Alexis Kalambry partage cet avis. Selon lui, la création de cette Web TV est un bon début, mais reste insuffisante. « C’est une initiative louable, mais elle ne peut pas être la réponse sécuritaire ultime. Les États de l’AES doivent investir dans des canaux d’information plus robustes pour atteindre efficacement leurs populations. La Web TV est un outil, mais elle n’est peut-être pas la solution la plus adaptée pour faire face aux menaces qui pèsent sur la région. »

Les deux analystes soulignent que, malgré les efforts déployés pour contrôler la communication au sein de l’AES, les médias occidentaux continuent de jouer un rôle important dans la perception internationale des pays membres. La récente suspension de LCI par la Haute Autorité de la Communication du Mali, et les appels pour que d’autres pays de l’AES emboîtent le pas, montrent que les gouvernements de la région cherchent à se déconnecter de ces sources d’information externes. Pourtant, comme le note Kalambry, « même si certaines positions ont pu éloigner une partie des populations de ces médias, les autorités restent vigilantes à ce qui se dit à l’international. »

En définitive, bien que la Web TV soit perçue comme un outil stratégique pour améliorer la communication interne et externe des membres de l’AES, des questions persistent sur son impact réel. La sécurité régionale ne peut être assurée par la seule communication.

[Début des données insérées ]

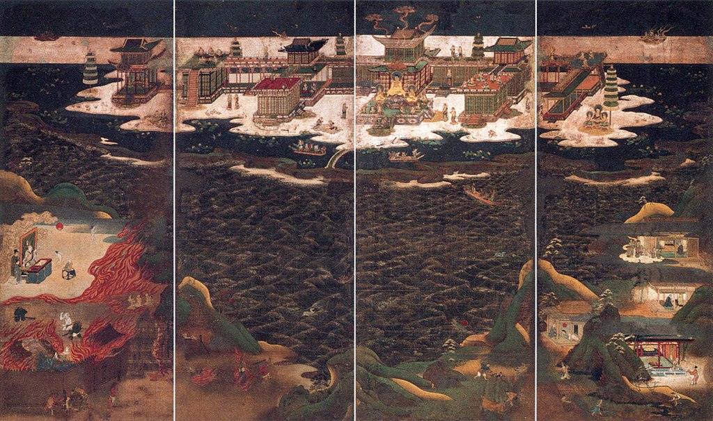 A 14th century painting depicting the Buddha’s Pure Land (top), Hell (bottom-left) and the mundane world (right). Painting courtesy of Konkaikōmyō-ji Temple, Public domain, via Wikimedia Commons
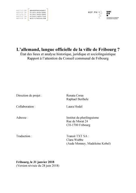 Rapport à l’attention du Conseil communal de Fribourg, Fribourg, 31 janvier 2018, (version révisée du 28 juin 2018)
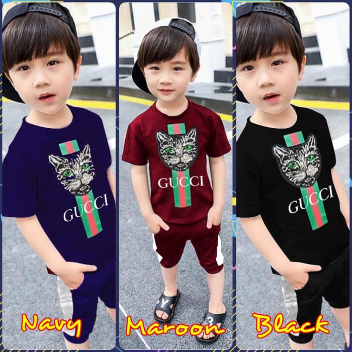 V188 Setelan Baju Kaos Celana Ada Saku Satu Set Anak Kecil Cowok Keren Kece Gucci Catty Usia 2-4th | Shopee Indonesia
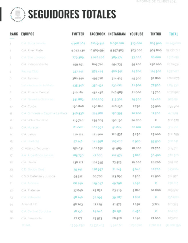 Además del ranking de socios, La AFA publicó la lista de los equipos con más seguidores en las redes sociales (Twitter, Facebook,Instagram, Youtube y TikTok).Boca lidera con 20.449.000, River lo sigue de cerca con19.736.747. Luego aparecen San Lorenzo (2.316.051),Independiente (1.870.934) y Racing (1.537.447).

La capacité de l’AES à gérer efficacement ses ressources naturelles et à promouvoir une véritable intégration économique demeure un défi crucial à relever.

En espérant que cette nouvelle stratégie médiatique permette à l’Alliance des États du Sahel de renforcer son influence sur la scène internationale, il reste à voir si elle pourra répondre aux attentes des populations locales tout en s’imposant comme un acteur incontournable dans la stabilisation et le développement de la région sahélo-saharienne.